Apart from it being a feat of technique and skill, the sheer size and extreme amount of detail seen in Roufanis’ images have a very particular emotional impact: they make the urban landscape clearly visible all across their surface, which is something we cannot experience when looking at a vast expanse with naked eye. That also makes the images lose their depth and become flat, like a veil that protects the tender humanness hidden behind it. It is said that Pythagoras of Samos taught his initiates from behind a black veil, so that they would focus on his teachings rather than his image. In a similar way, we need the intricate black veil of these images to help us shift our focus from how the city appears, in order to focus on what it tells— that is, to actually feel the intensity of the many soliloquies that are being spoken behind its dark walls.
London, Paris, Hong Kong, Miami, Athens: for Aristotle Roufanis, urban habitats and the loneliness of city dwellers are surprisingly the same wherever you go. By isolating only a few illuminated windows in each photo, the artist seeks to both raise awareness about the epidemic of urban isolation in big cities and take a positive stance about it. Composition and balance here are less about form and colour than about organisation of content: which windows are kept illuminated within the sea of dark anonymous apartment buildings, and what do they contain? A sofa, a painting, a person behind a curtain: all these glimpses of an otherwise uneventful evening after work (or maybe the last excruciating minutes of a long sleepless night) are transformed into dramatic events full of emotional tension.
Aristotle Roufanis (b. 1983 Athens, Greece) is a London-based visual artist whose work focuses on patterns, textures and human interactions defined by the condition of urban life and architecture. An active photographer since his early 20’s, Aristotle Roufanis is a self-taught artist, who has mastered his medium through a series of rigorous photographic projects. Fascinated by how humans build the environments they live in, he has travelled the world extensively, creating images that combine meticulous digital editing with a very personal artistic vision.
In 2016 he participated in Scope Art Fair Miami Beach, in Fotofever Paris with a solo show, and at the Summer Exhibition at the Royal Academy of Arts in London. In 2017, he presented a solo show at Scope Miami Beach and showed new work at ZsONAMACO FOTO in Mexico City. In September 2018 he participates in the 3rd Beijing Photo Biennial at CAFA Art Museum.
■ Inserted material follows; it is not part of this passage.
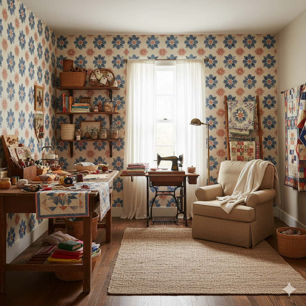 Evoking the charm of handcrafted patchwork, this wallpaper features repeating quilt-inspired star motifs in dusty shades of denim blue and terracotta rose. The softened watercolor effect gives the pattern a vintage, timeworn appeal, as if it were stitched from fabric faded by desert sun. Perfect for farmhouse kitchens, rustic cabins, or Southwestern-inspired bedrooms, this design adds comfort and nostalgia. It pairs beautifully with reclaimed wood, stone fireplaces, or warm neutral linens, making spaces feel both cozy and storied.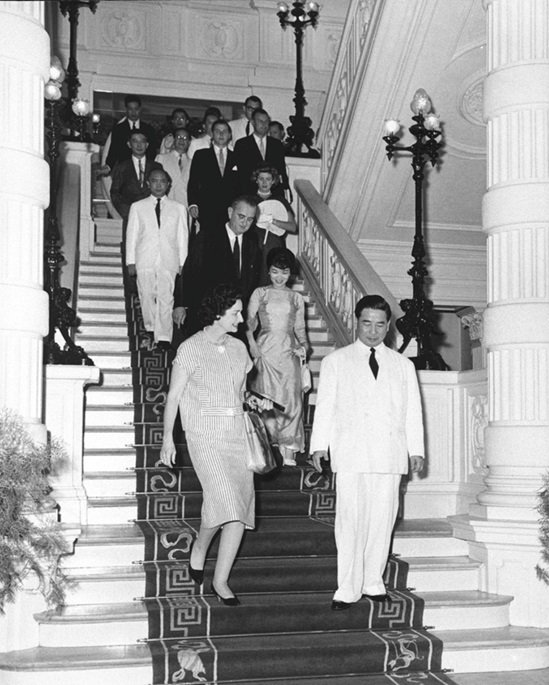 Ngô Đình Diệm tiếp Phó Tổng thống Hoa Kỳ L. Johnson (hàng 3, áo vest đen) năm 1961 hội đàm tại Dinh Độc Lập

Works by Aristotle Roufanis are part of the Royal Academy’s patron’s collections, as well as other private collections in London, Paris, Miami, New York and Mexico City. His work has been featured in the British Journal of Photography and other international art publications, online and in print. Upcoming events: art fairs in Stockholm, Hamburg, Miami, Los Angeles, Hong Kong, Singapore, group show in Rotterdam (Dec 2018), group show at Zeitz Museum of Contemporary Art Africa, Cape Town (Jan 2019), Sydney Photo Festival (May 2019).